When a researcher preregisters a study, the design and precise goal of the study are declared openly in advance: the bull´s eye is drawn.

Origins of preregistration: clinical trials

A clinical trial is an experiment involving human volunteers for example in the development of a new drug. Registration of clinical trials, i.e. announcing that a trial will be conducted and what its goal is before any data are collected, has become a standard since the late 1990s. It is considered a scientific, ethical and moral responsibility for all trials because:

  • Informed decisions are difficult under publication bias and selective reporting, i.e. the non-publication negative results and the focus on publication of positive results which might not reflect the original goals. Publication bias and selective reporting result in a biased view of the situation.
  • Describing clinical trials in progress simplifies identification of research gaps
  • The early identification of potential problems contributes to improvements in the quality

The Declaration of Helsinki requires since the late 1990s: “Every clinical trial must be registered […]”

Registries (non-exhaustive list)

Here is a list of registries, where (pre)registration can be done:

  • Clinicaltrials.gov: US and international registry for clinical trials, first of its kind, established 1997: https://clinicaltrials.gov/

  • OSF: General purpose registry, also a research management tool (not just for preregistration), embargo possible for up to 4 years: https://osf.io/

  • Aspredicted: General purpose registry, protocols can be private forever, possibility to automatically delete an entry after 24 hours:
    https://aspredicted.org/

  • Preclinicaltirals.ed: Comprehensive listing of preclinical animal study protocols
    https://preclinicaltrials.eu/

  • PROSPERO International prospective register of systematic reviews
    https://www.crd.york.ac.uk/prospero/

Quiz on registration

Does registration show an effect?

All large National Heart Lung, and Blood Institute (NHLBI) supported randomized controlled trials between 1970 and 2012 evaluating drugs or dietary supplements for the treatment or prevention of cardiovascular disease are shown with their reported outcome measure in the graphic. Trials were included if direct costs were bigger than 500,000$/year, participants were adult humans, and the primary outcome was cardiovascular risk, disease or death.

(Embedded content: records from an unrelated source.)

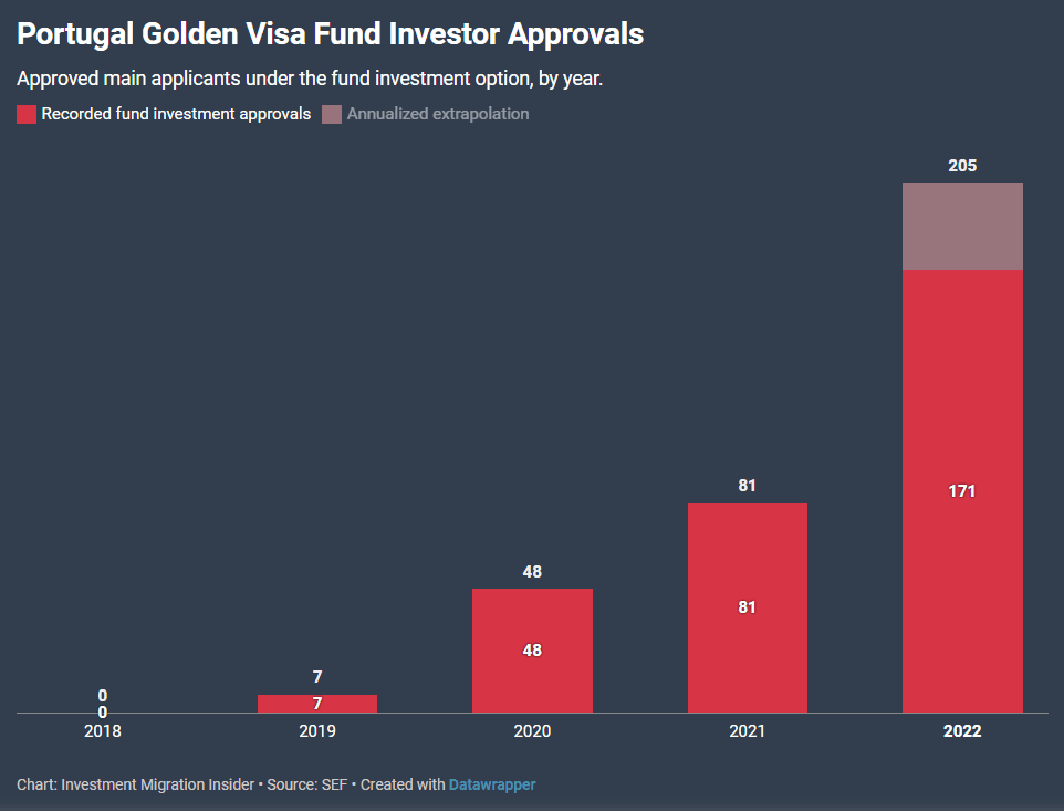 Từ đầu năm đến nay, Sở Di Trú Bồ Đào Nha (SEF) đã phê duyệt tổng cộng 1.009 đơn yêu cầu tham gia chương trình Golden Visa. Dự kiến khi kết thúc năm 2022, Sở Di Trú Bồ Đào Nha sẽ cấp Thị Thực Vàng cho 1.200 Nhà Đầu Tư. So với năm 2021, con số này tăng hơn 40%.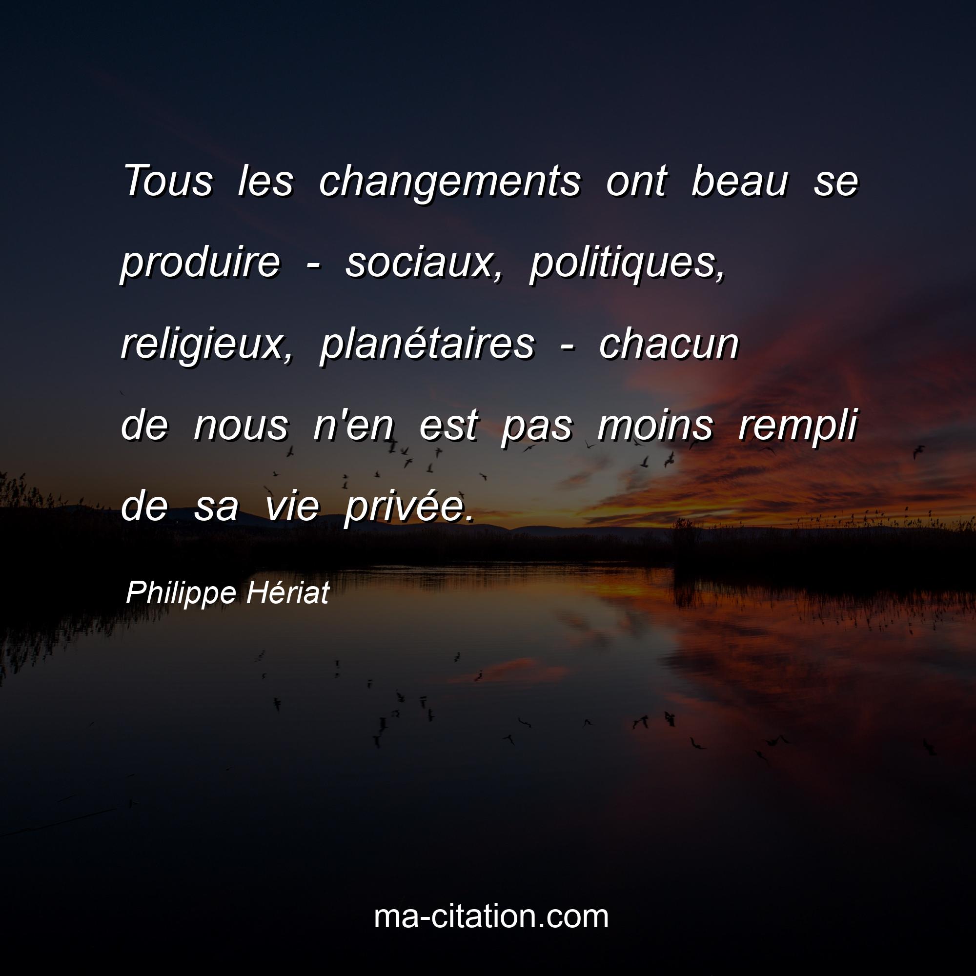 Citation sur la vie de Philippe Hériat :Tous les changements ont beau se produire - sociaux, politiques, religieux, planétaires - chacun de nous n'en est pas moins rempli de sa vie privée.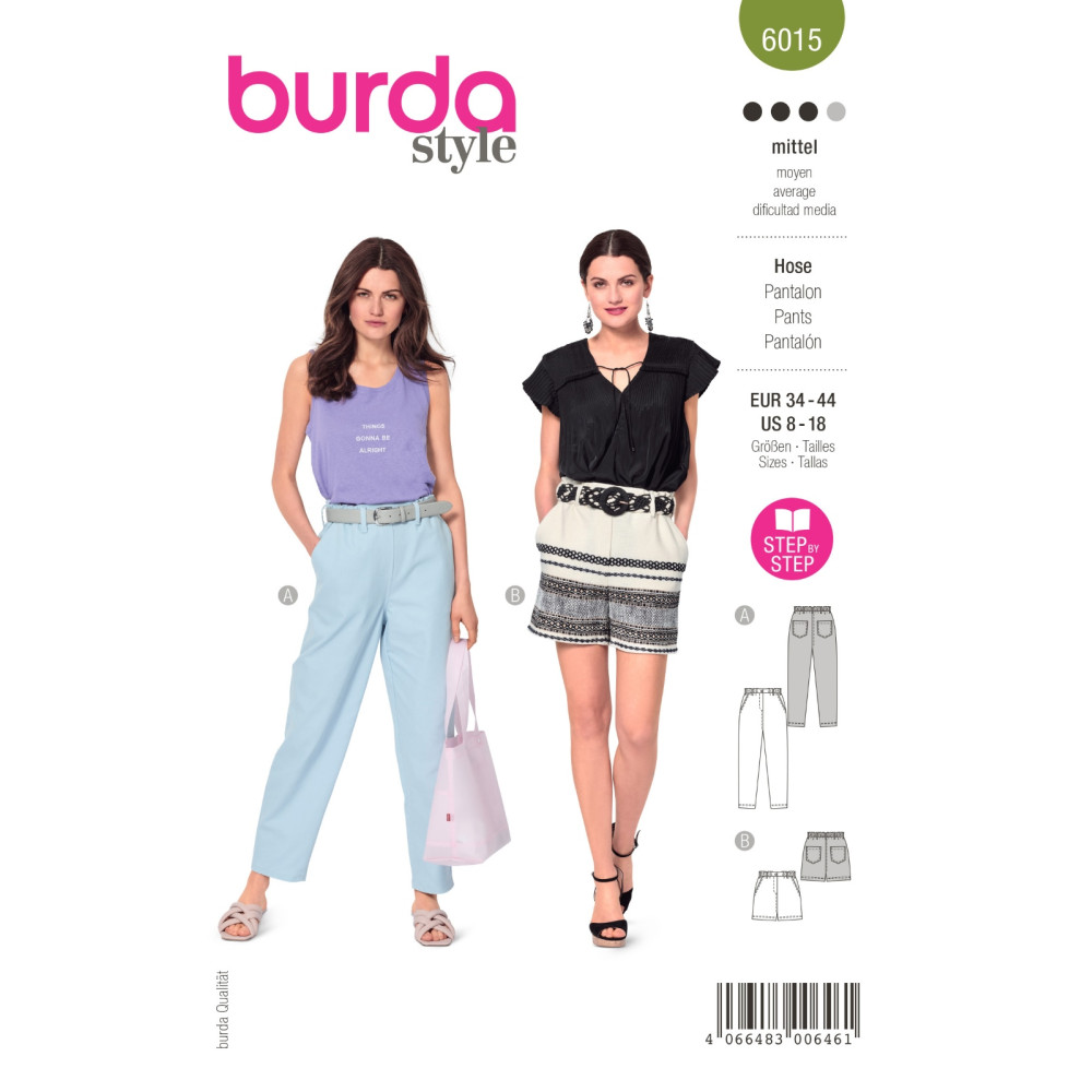 Střih Burda 6015, návod k šití: džíny "mrkváče", džínové šortky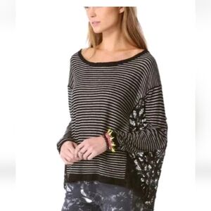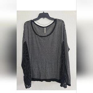 Free People Linen Blend Crochet Love Me Do Blouse Top Sz M Stripe Oversize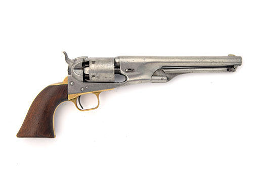 for the first year of manufacture, 1861, with round 7 1/2in. barrel, the top signed 'ADDRESS COL. SAML. COLT NEW-YORK U.S. AMERICA', cammed under-barrel loading lever, open iron frame, plain cylinder with traces of roll-engraved scene, brass grip-straps and trigger-guard bow, smooth walnut grips, almost completely stripped of finish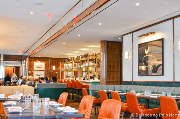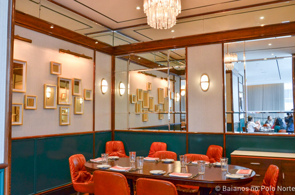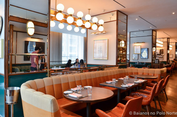 Logo de cara eu já gostei da decoração com um toque retrô, criada pelo designer inglês Martin Brudnizki. Turquesa é a minha cor favorita e é usada elegantemente no ambiente. O Café Boulud tem 3 áreas: o bar, a sala de jantar e uma pequeno ambiente onde podemos ficar com mais privacidade. É ideal para um pequeno grupo de amigos ou uma ocasião especial.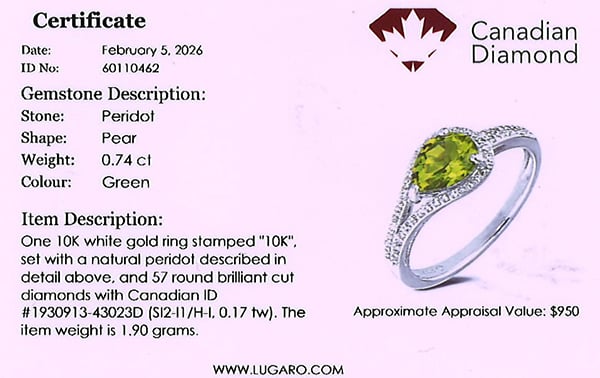 Ring includes a Canadian diamond certificate.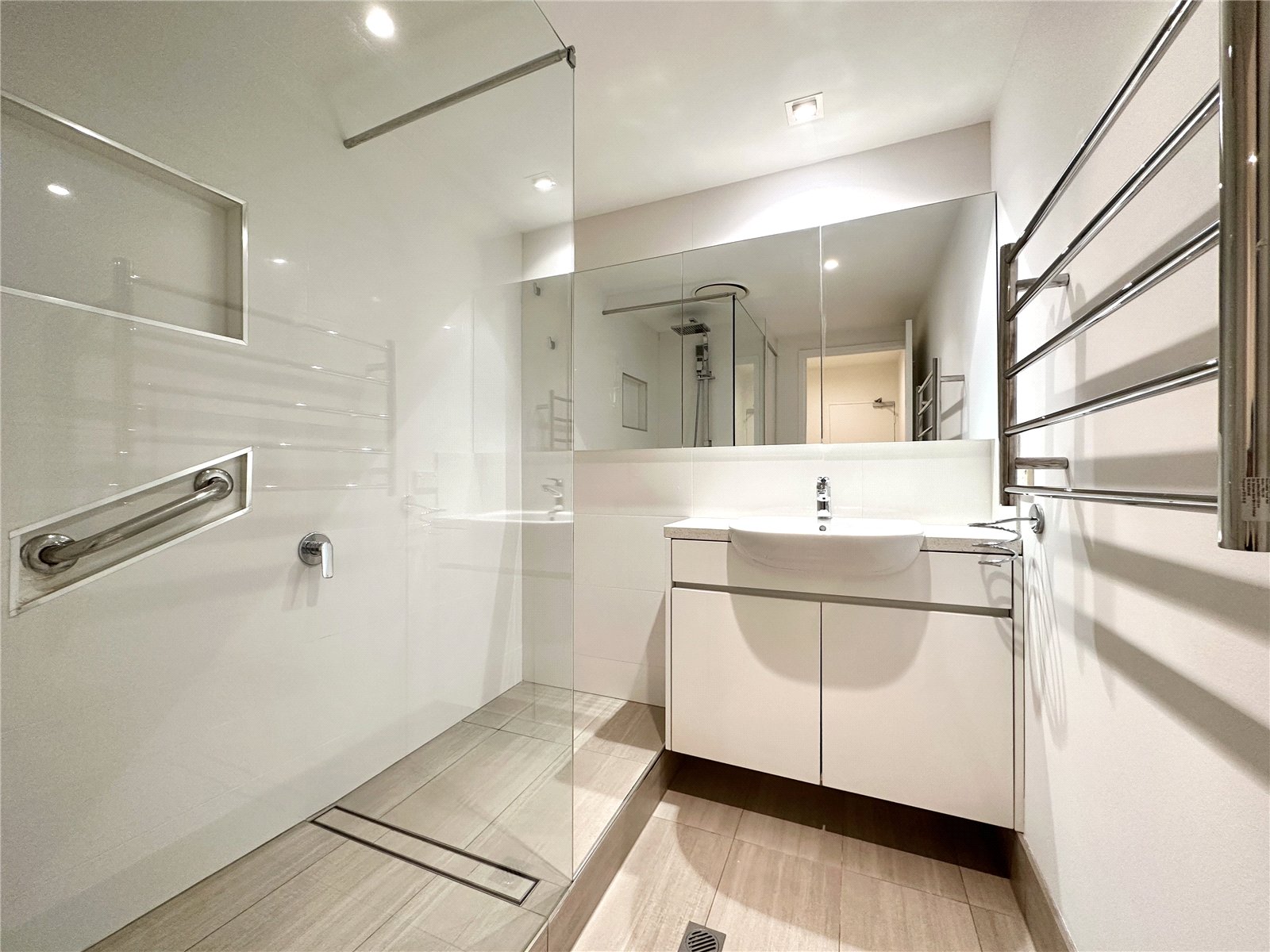 Spacious open-plan living and dining pivots a stone-finished kitchen graced with a breakfast bar, an updated Asko dishwasher, and high-end Smeg appliances including a 4-burner gas cooktop. Elevated with distinction on the third floor of the north wing inside the prestigious Riverside Apartments complex, a sheltered balcony captures the all-day warmth of northern light. Entertain friends and family with the stunning city skyline rising from behind leafy treetops. The generously sized and robed bedrooms are serviced by a fully tiled bathroom boasting mirrored cabinetry, stone detailing, and both rainfall/hand-held shower fittings. The main bedroom highlights its own north-facing balcony, while a flexible study offers a drop-down bed, ideal for use as a guest bedroom.

Image Credit: R Kaplan and V Irvin https://journals.plos.org/plosone/article?id=10.1371/journal.pone.0132382, CC-BY.

What is the difference between what you observe before and after the year 2000 in this graphic?

Solution

Before 2000 one sees many positive effects, i.e. treatments that lower the relative risk of cardiovascular disease, but also null effects, in general the effects are larger. After registration of the primary outcome becomes mandatory, less outcome switching can occur and many more null effects are reported. The policy change helped to overcome this particular aspect of selective reporting.

 

3. What is reproducibility?

Reproducibility vs replicability

Reproducibility refers to the ability of a researcher to duplicate the results of a prior study using the same materials as were used by the original investigator. This requires, at minimum, the sharing of data sets, relevant metadata, analytical code, and related software.

Replicability refers to the ability of a researcher to duplicate the results of a prior study if the same procedures are followed but new data are collected.

See S Goodman et al. https://www.science.org/doi/10.1126/scitranslmed.aaf5027 for a finer grained discussion of the concepts.

What is reproducibility?

“This is exactly how it seems when you try to figure out how authors got from a large and complex data set to a dense paper with lots of busy figures. Without access to the data and the analysis code, a miracle occurred. And there should be no miracles in science.”

See artwork by Sidney Harris at http://www.sciencecartoonsplus.com/ for an illustration of the remark “I think you should be more explicit here in step two” when a miracle occurs.

The quote is from F Markowetz https://genomebiology.biomedcentral.com/articles/10.1186/s13059-015-0850-7. In this publication the author asks what working reproducibly means for his daily work and comes up with “Five selfish reasons to work reproducibly”, this is even the title of the paper.

“Working transparently and reproducibly has a lot to do with empathy: put yourself into the shoes of one of your collaboration partners and ask yourself, would that person be able to access my data and make sense of my analyses. Learning the tools of the trade will require commitment and a massive investment of your time and energy. A priori it is not clear why the benefits of working reproducibly outweigh its costs.”

In this course we will learn about some of the tools Markowetz lists in his paper.

(Anti-)Example from the Markowetz paper

How bright promise in cancer testing fell apart

Image Credit: adapted from the open access article by K Baggerly and K Coombes https://projecteuclid.org/journals/annals-of-applied-statistics/volume-3/issue-4/Deriving-chemosensitivity-from-cell-lines–Forensic-bioinformatics-and-reproducible/10.1214/09-AOAS291.full.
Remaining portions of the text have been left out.